GMSL Camera Frequency Drop

Please provide the following info:
Software Version
NVIDIA DRIVE™ Software 10.0 (Linux)

Target Operating System
Linux

Hardware Platform
NVIDIA DRIVE™ AGX Xavier DevKit (E3550)

SDK Manager Version
1.3.1.7110

Host Machine Version
native Ubuntu 18.04

Hi,
I have 2 GMSL ar0231-rccb-bae-sf3325 connected on PortA.

I am using a ROS driver to ingest the images. The ROS driver uses driveworks API and has the Camera work flow as mentioned in documentation. I get a consistent frequency of 30Hz when only the driver is working. As soon as I start ingesting the images in stereo disparity calculation ros node, the frequency drops down slowly and settles down somewhere between 20 and 25Hz.

  1. I am not sure what is causing the drop. When I check the tegrastats, I see that, out of 6 cores of CPU, core 1,2,3 and 6 are running almost at 100% but 4 and 5 are almost empty. GPU shows around 50%.

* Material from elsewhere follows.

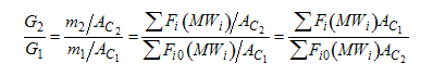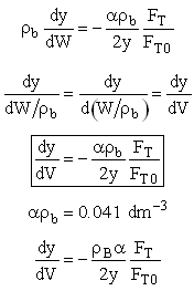 and hence G. To account for this decrease in calculating our pressure drop parameter , we will take the ratio of the superficial mass velocity at any point in the reactor to the superficial mass velocity at the entrance to the reactor. The superficial mass flow rates can be obtained by multiplying the species molar flow rates, Fi, by their respective molecular weights, MWi, and then summing over all species
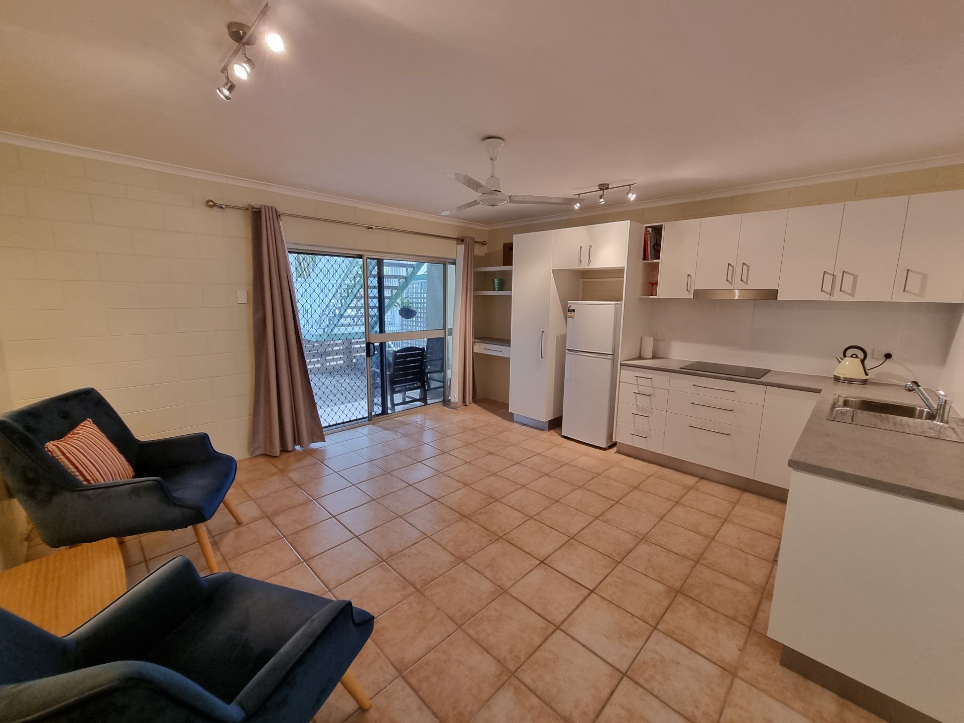 - Ground floor furnished apartment with open plan design.

  2. The target application needs around 10Hz image frequency. Is it possible to reduce the frequency of camera from 30 to 10Hz? I saw many posts in the forum where this question was asked but no conclusion was found.

Thanks.

Hi @SagarS ,

Did you mean frame rate? How do you check it?

Please check Xavier A CPU cores 4 and 5 always idle.

Could you try dropping frames? Thanks.

Hi @VickNV

Did you mean frame rate? How do you check it?

Yes. I meant frame rate.
The ros node continuously runs ‘Camera workflow’ in a while loop and posts the images on ROS topics. The images are timestamped from dwImage_getTimestamp(). ROS has the tools to check frequency of posted topics.

Please check Xavier A CPU cores 4 and 5 always idle.

Thanks, I will check this.

Could you try dropping frames?

I can drop frames before posting but that will not help solving the main issue I believe. From what I understand the Frame Rate is decided by camera hardware and is not adjustable (Atleast I don’t know how, please correct me if I am wrong).

From the documentation I see that:

Every frame acquisition stores the image in an internal, low-level (under DriveWorks) buffer. The low-level NvMedia Image Processing Pipeline (IPP) outputs such a buffer. You can adjust the size of this buffer with the fifo-size parameter. DriveWorks applications use dwSensorCamera_readFrame() to take the frames from the low-level buffer. This function removes frames from the beginning of the FIFO and stores them in Camera. If the FIFO is filled, any other reading drops a frame (ICP drop).

So I suspect ICP drop is imminent(suspecting due to load on CPU?) and I cannot control it. Unless the low level buffer itself was filled with 10FPS and not 30FPS. Due to ICP drop I may not get consistently time spaced images.

So, you check with dwImage_getTimestamp() or the ROS tools? Could you share the ROS tools?

For dropping frames, I meant your ROS node can drop some frames and doesn’t need to publish every camera frame. Won’t it help on the issue?

@VickNV

So, you check with dwImage_getTimestamp() or the ROS tools? Could you share the ROS tools?

The timestamp from dwImage_getTimestamp() is added to the image properties in ROS message and is published as ros topic.
The following tool is used to measure the rate: http://wiki.ros.org/rostopic#rostopic_hz

For dropping frames, I meant your ROS node can drop some frames and doesn’t need to publish every camera frame. Won’t it help on the issue?

Yes, I will try this out. It will avoid some unnecessary image conversion + compression for all the images and should help the computational load.

Thanks
Just to confirm, in-order to drop an image this way can I do the following:

  1. dwSensorCamera_readFrame()
  2. dwSensorCamera_getImage()
  3. dwImage_getTimestamp()
  4. dwSensorCamera_returnFrame()
    4b) Check if the difference is atleast the frequency required. If faster move back to 1) or else continue
  5. dwImage_create()
  6. dwImage_copyConvert()
  7. Image Compression and Send

Want to confirm that, when 4) is executed it will pop the image from internal FIFO buffer right? So, that I read a new image next time and not the same.

dwSensorCamera_returnFrame() put the consumed frame back into the internal pool as a free to use one. Thanks.